A limitation of this analysis is that some areas will utilize combined sewer overflows (CSO), which take in wastewater, runoff, and precipitation, which could significantly increase the flow rate without an association to the population size. In our study we were not able to stratify our data by such variables because they were not consistently reported by each study site. Regardless, the results from our study still support the hypothesis that flow rate is strongly associated with the population served by an individual sewershed. Another limitation of our study is that we only investigated three of the CDC NWSS recommended population biomarkers. Many studies across the globe have proposed and investigated other population biomarkers such as β-2 microglobulin, creatinine, 5-hydroxyindoleacetic acid, caffeine, paraxanthine, ammoniacal total nitrogen, and total phosphorous [20,21,51]. These endogenous population biomarkers display a low to strong correlation with the population served (R = 0.06–0.8) [21]. Future multi-site studies across vast geographic and temporal space, such as this study, could include other population biomarkers along with flow rate to investigate and identify the most effective WBE population biomarker. Until such studies become available, we propose flow rate is the most consistent population normalization factor for WBE. Flow rate has the added advantage in that it is routinely measured by WWTP personnel in the U.S. and thus, can easily be included for population analysis when conducting WBE [52]. For communities where flow rate is not routinely measured, Maal-Bared et al. evaluated the cost-effectiveness of flow meters and suggest that it would be a helpful investment for facilitating future WBE efforts [47].

Correlation of SARS-CoV-2 wastewater concentrations and COVID-19 clinical cases

The use of population normalization factors with measured SARS-CoV-2 wastewater concentrations is common for WBE; however there is not yet a consensus as to which normalization factor is the most effective for monitoring disease trends in a community. We assessed the correlation of the SARS-CoV-2 wastewater concentration with reported COVID-19 cases using the current CDC NWSS recommended normalization approaches [26]. The Spearman correlation coefficients with COVID-19 cases from our four chosen normalization categories of the SARS-CoV-2 wastewater concentrations ranged from -0.09 (Ohio) to 0.9 (California) (Fig 2). Among the correlation values of all normalization categories, California observed the strongest mean correlation (R = 0.76) between the SARS-CoV-2 wastewater concentrations and COVID-19 cases. Ohio observed the lowest mean correlation (R = 0.06) between the SARS-CoV-2 wastewater concentrations and COVID-19 cases among all four normalization categories. Negative correlations were observed in Ohio, and we attribute this to the poor N1 and N2 wastewater concentrations measured that we discussed above. The remaining study sites had similar mean correlations with their wastewater concentrations and COVID-19 cases (Fig 2). A T-Test of the overall correlations stratified by the CDC N1 and N2 targets showed that there was no significant difference between the results produced by either genetic target (Mean difference = -0.07, P-value = 0.343).

Download:

Fig 2. Correlation coefficients of the SARS-CoV-2 wastewater concentrations and the sewershed-level COVID-19 cases for each study site.

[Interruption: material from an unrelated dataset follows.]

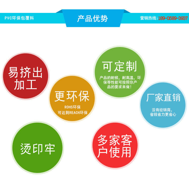 金立達(dá)新材料經(jīng)技術(shù)攻關(guān),開(kāi)發(fā)出適用于石塑型材、木塑型材、發(fā)泡型材表面包覆專用料,金立達(dá)PVC包覆料優(yōu)點(diǎn)::1、 易擠出加工。2、 表面光滑易后道燙印加工。3、 燙印加工后,牢度好不易脫落。4、 顏色可按客戶要求進(jìn)行調(diào)色定制。5、 月供500噸以上,多家客戶使用!

This range includes the correlation coefficient using each of the four normalization categories used in the analysis.

https://doi.org/10.1371/journal.pone.0284370.g002

The correlation of the SARS-CoV-2 wastewater concentrations and COVID-19 clinical cases by each normalization category are displayed in Fig 3. The individual correlation values for each study site and normalization category can be found in S3 Table. Apart from the results we observed from Ohio, the correlation values reported among the study sites are consistent with previous findings, where the correlations with COVID-19 clinical cases typically ranged from 0.5–0.9 [10,12,14,23,53]. A limitation of our study is that we were only able to assess three CDC NWSS recommended normalization factors. While we were not able to assess other normalization factors directly, the results from our study are similar to a range of correlation values of normalized SARS-CoV-2 wastewater concentrations and COVID-19 cases (R = 0.2–0.7) produced from studies that utilized chemical normalization factors such as β-2 microglobulin, caffeine, creatinine, paraxanthine, 5-hydroxyindoleacetic acid, total nitrogen, or total phosphorus [21,47,51,54,55]. We further stress the importance of additional assessments of other population biomarkers in community wastewater to identify other potential targets to further improve WBE of infectious diseases.

Download:

Fig 3. Correlation coefficients of the SARS-CoV-2 wastewater concentrations and the sewershed-level COVID-19 cases for each study site by each normalization category.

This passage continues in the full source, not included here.